We learned during our 20-week ultrasound that our son had multiple deformities. Neither my husband's family nor mine had any history of birth defects. We were young and healthy. We were totally unprepared when our OB told us that our son had spina bifida Myelomeningocele and handed us a box of tissues. Through the thick cloud of terror that descended upon us in the ultrasound room, we also learned that he would be faced with a variety of spina bifida related defects: hydrocephalus (spinal fluid on his brain) and to my acute horror, bilateral clubbed feet.

Taking all of this in at once felt like a hot knife in the belly, but the news of Henry's feet was, for some reason, the most troubling. After we left the doctor's office and for weeks afterward I pored over the ultrasound report hoping to make sense of it somehow. The wording he used to describe our son's feet was sub-optimal. I had no idea what that meant but it obviously wasn't good. I figured it was medical-speak for ew, gross!

We had a 15-month-old daughter at the time and every part of her was delicious. She had gone from a mewling, beet-red blob to a bright, inquisitive, chipmunk-cheeked toddler. My heart ached when I watched her plod around the kitchen, realizing that our son might not hit these same milestones. I savored every part of her pink, clammy feet and her pudgy cankles. I looked forward to nibbling on our next child's toes the way I had nibbled on hers. But would Henry even have toes? Would he have feet at all? What did a “clubbed” foot look like? I was too scared to google it. I thought, at best, it would look deformed and mangled like a chicken drumstick.

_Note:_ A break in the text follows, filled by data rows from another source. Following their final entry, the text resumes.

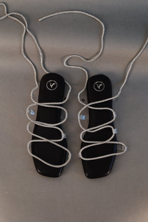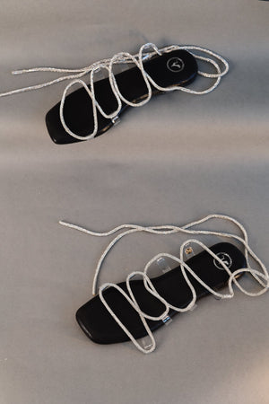 Women's Open Toe Black Stringy Shoe Lace Flats Sandal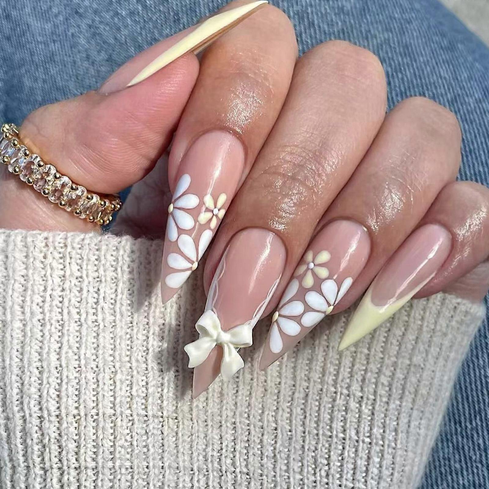 Stylish Long Pointed Artificial Nail French Style Press on Nail With Flower And Bows Detail Nail Art Decoration 24pcs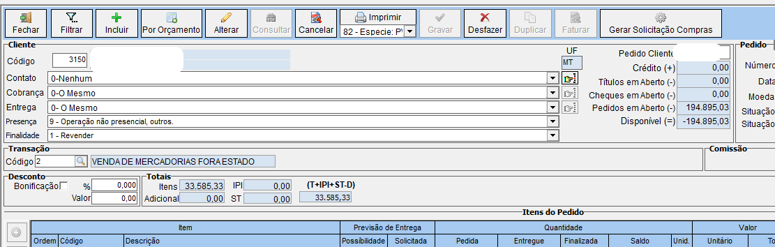 Nesse artigo você encontrará opções do pedido de vendas, para ser redirecionado a opção que você deseja ver clique em algum dos links abaixo: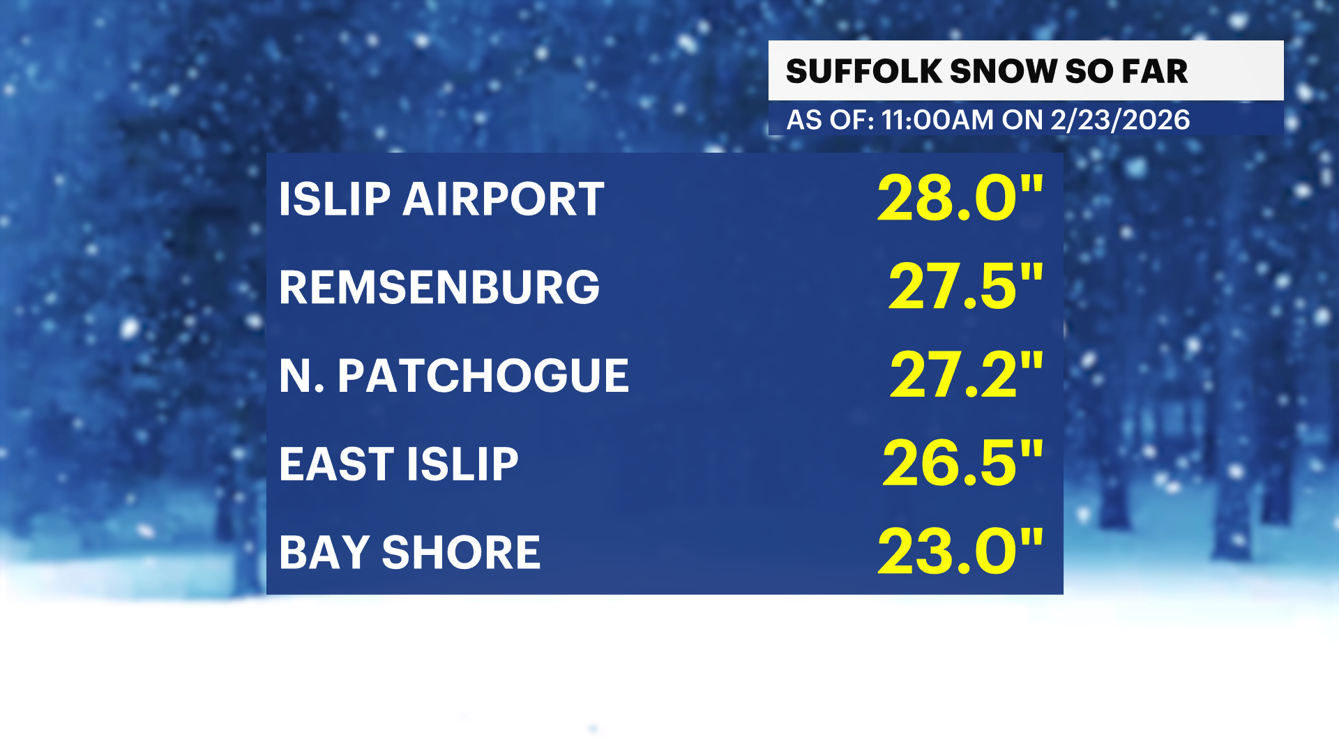 Sixteen to 24 inches of snow is still expected on Long Island as heavy bands of snow have developed and will continue to dump snow through 6 a.m. Monday. Snowfall rates could be 1 to 4 inches per hour.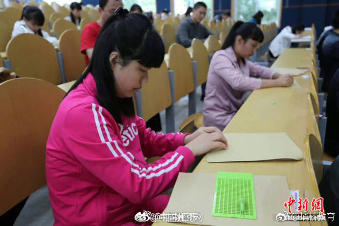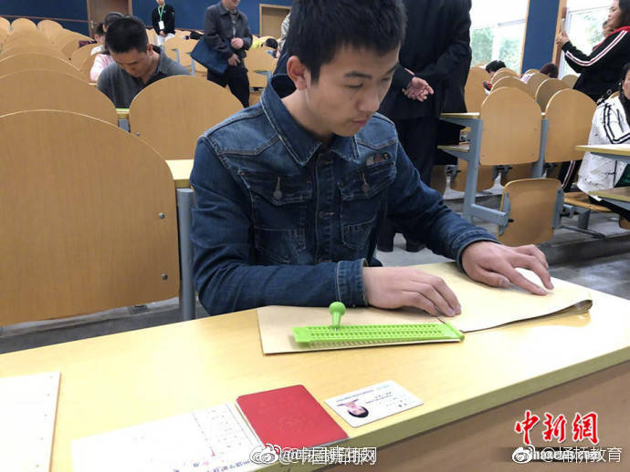 近日,近百名来自全国各地的盲人在贵州参加2018年“指尖上的高考”。他们中有按摩店老板、先天性视力障碍者…有人想当音乐老师,有人想创业,也有人想过上普通人的生活…为取得好成绩,他们做了充足准备。转发祝福!@中国新闻网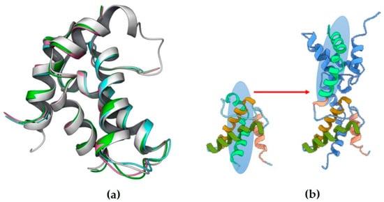 - Jumper, J.; Evans, R.; Pritzel, A.; Green, T.; Figurnov, M.; Ronneberger, O.; Tunyasuvunakool, K.; Bates, R.; Žídek, A.; Potapenko, A. Highly accurate protein structure prediction with AlphaFold. Nature 2021, 596, 583–589. [Google Scholar] [CrossRef]

When he came out five weeks prematurely, but thankfully stable, I didn't see him for 16 hours. Between recovering from surgery (me a c-section and Henry a spinal lesion closure) it was 11:30pm before the nurses finally wheeled me to the NICU to meet him. I hustled, slightly panicked, wanting to make it down there before midnight so I could meet him on the day of his birth. When I saw him, he was lying on his stomach in a warm little pod, sleeping, with his knees curled under him. His tiny feet poked out under his diapered bottom with individual toes, not even the size of frozen peas.

His feet were sickled, like parenthesis. They were pink and impossibly smooth. They were clubbed. But so what? Clubbed, I remember thinking. What, these? They're just a little bent, my goodness. Was this what we were all so worried about—these precious little feet? 

Henry is 15 months old now. He has chipmunk cheeks. He is bright and inquisitive. Although, he’ll need corrective surgery before he can walk, he crawls around the kitchen at lightning speed. He chases his sister and she screams. He laughs at her and crawls faster.

I scoop him up in my arms and nibble his perfect toes.